Sunday, October 30, 2011

Feeding Your Brain

The great thing about working in the visual arts is how everything you experience has the potential to feed your work. Not because of the direct impact of the experience, but because you can learn so much about yourself based on how you interpret your world.

I just finished the beautiful novel One Hundred Years of Solitude by Gabriel Garcia Marquez. I was reading it purely for pleasure, and didn't expect to learn anything about my work. Instead I found tons of imagery that sparked my brain, and lots of uses of mirrors as metaphor. Near the end of the novel, when one character finds himself homesick for the town he's just left (because living there made him two homesick for another town), his emotion is described as two nostalgias facing each other like mirrors. Wow. If I can paint that sentence, I can die happy.

I also recently attended an artist lecture by a new visiting professor at my university, Ariel Baron-Robbins. Her work looks drastically different than mine-- for one thing, it's nonobjective.
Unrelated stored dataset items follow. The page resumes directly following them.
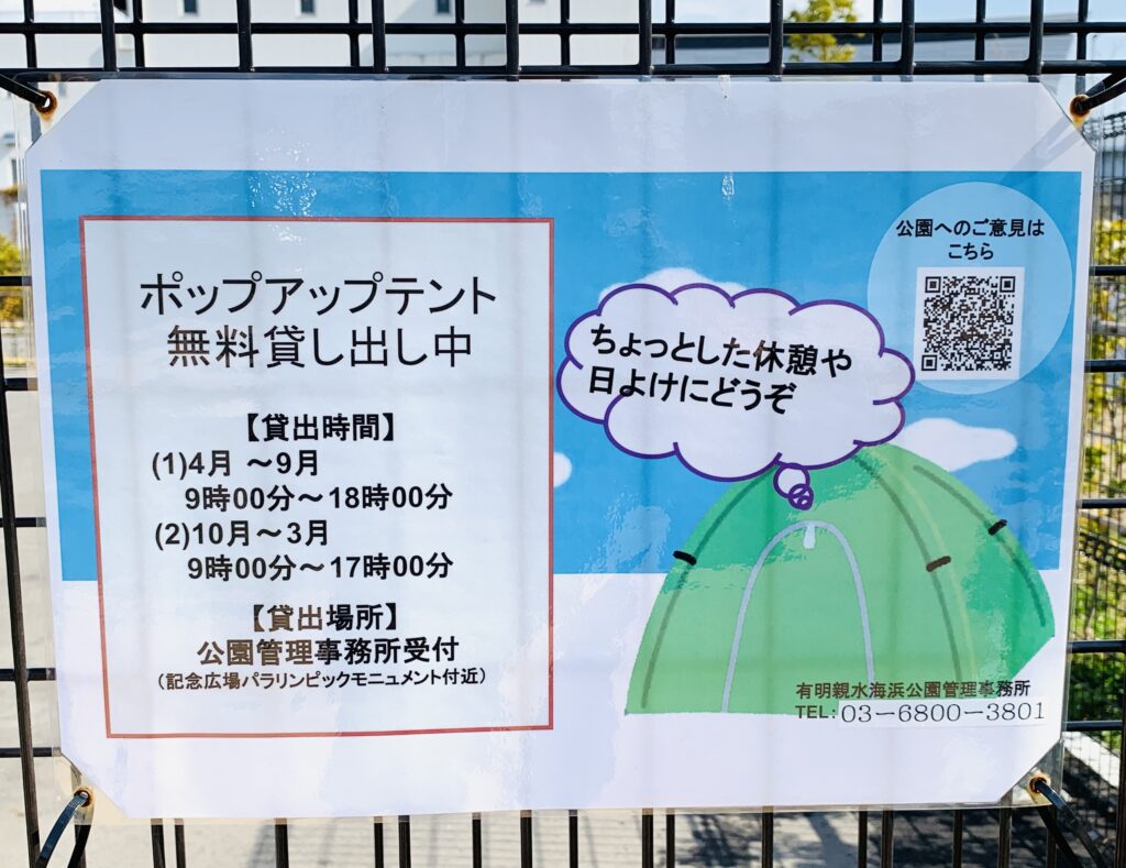 隣接する公園事務所で、なんとテントの無料貸出を行っています。
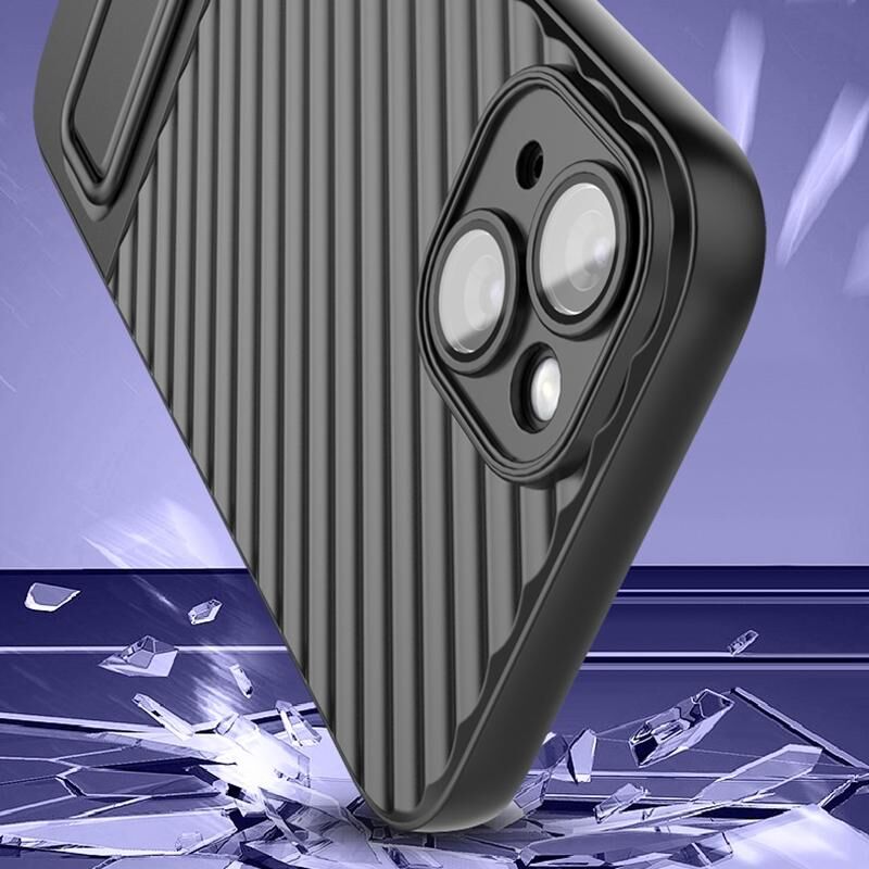 Θήκη τηλεφώνου TPU με κυματιστή υφή για iPhone 14 Plus με προστατευτική μεμβράνη φακού (Μαύρο)
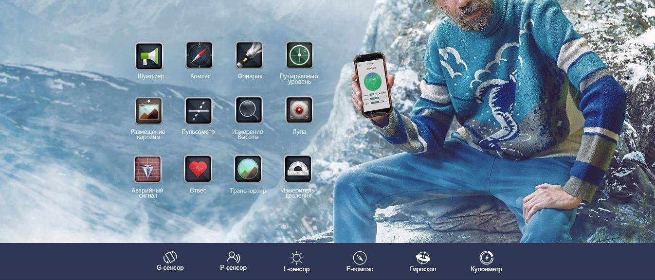- Набор специальных программ: шумомер, компас, фонарик, строительный уровень, отвес, настенный уровень, дальномер, увеличительное стекло, сигнал тревоги, измеритель сердечного ритма, барометр, транспортир.
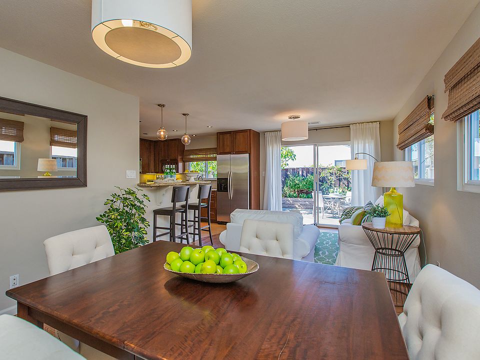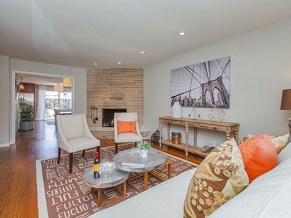 Built in 1962, this attractive Mid-century home has been thoughtfully updated while retaining its character and charm. This spacious home offers a formal living room, kitchen/family combo, four bedrooms, three bathrooms, an office, laundry room, 2 bonus rooms, and a 2-car attached garage. Located in a neighborhood of other mid-century homes, this South Shore house is just three blocks from the beach, two blocks from South Shore Shopping Center, and minutes from top performing schools. A new Therma-Tru front door with satin chrome hardware and a sidelight insert perfectly compliments the mid-century style. Once inside, the home’s spacious formal living room is immediately to the right with newly refinished hardwood floors, LED recessed ceiling lights, and three dual-pane windows that overlook the front yard. A striking stone fireplace occupies an entire corner of the room and is perfect for cozy gatherings. Beyond the living room, is the dining room and family room with beautiful vintage parquet floors highlighted with bright sunlight from the large glass sliding doors that open to the backyard. The spacious backyard is fenced for privacy, and includes a large, beautiful fig tree, blooming bougainvillea, rosemary, apple and lemon trees, and mature roses. A patio next to the kitchen and family room is perfect for indoor/outdoor entertaining. The kitchen adjoins the family room and has been tastefully updated with cherry-stained drawers and cabinets, a divided stainless steel, sink, a Bosch dishwasher, recessed LED ceiling lights, granite counters, and a granite kitchen bar that is perfect for casual meals. Kitchen-Aid stainless steel appliances include a side-by-side refrigerator, built-in microwave, and a five-burner gas range. Tumbled marble subway tiles form the handsome backsplash. From the kitchen, a stairway on the left goes up to the second level, where the master bedroom, master bathroom, and bonus rooms reside. Filled with natural light, the master bedroom has a vaulted ceiling with a pendant light fixture and newly refinished hardwood floors. A walk in closet as well as a pair of additional closets finish the room. The master bathroom is next to the bedroom and has been enhanced with a shower/jetted tub with a marble surround and a contemporary pedestal sink. The beautiful floor consists of large marble tiles with a tumbled marble mosaic border and a center mosaic medallion. Two bonus rooms are located across from the master bath. This versatile space can be used for an office, exercise room, playroom, teen space, or storage—so many options! On the main level, three more comfortable bedrooms run along the hallway; all of them are comparable in size and features, with large, dual-pane windows for natural light, roomy closets, and recently refinished hardwood floors. Two of the bedroom closets have cedar floors, and one of the bedrooms overlooks the backyard garden. An office/study is situated to the left of the entrance, and features recessed ceiling lights, and an interior transom window with opaque glass, which provides natural light from the kitchen. Across the hall is the laundry room with front-loading appliances. Two bathrooms are conveniently located on the hallway off of the bedrooms. One bathroom, close to the kitchen, features a tub/shower combination, a pedestal sink, new light fixture, and an understated ceramic tile surround and floor. A sliding window over the tub opens for ventilation. A second bathroom has a dark wood vanity and a walk-in shower with a mosaic stone tile floor and elegant marble surround. The spacious two car garage completes this home, offering loads of storage space.

I was delighted to discover that her work actually begins as observational drawings made in her sketchbook, then processed and edited into monumental drawings. That's not really so different than how I've been working lately-- manipulating representational images into strange realities.
Also, during her lecture I was struck with the epiphany that I need to send my gypsy dancer painting through the circular saw and put it back together "wrong".

Moral: get out there. Learn something!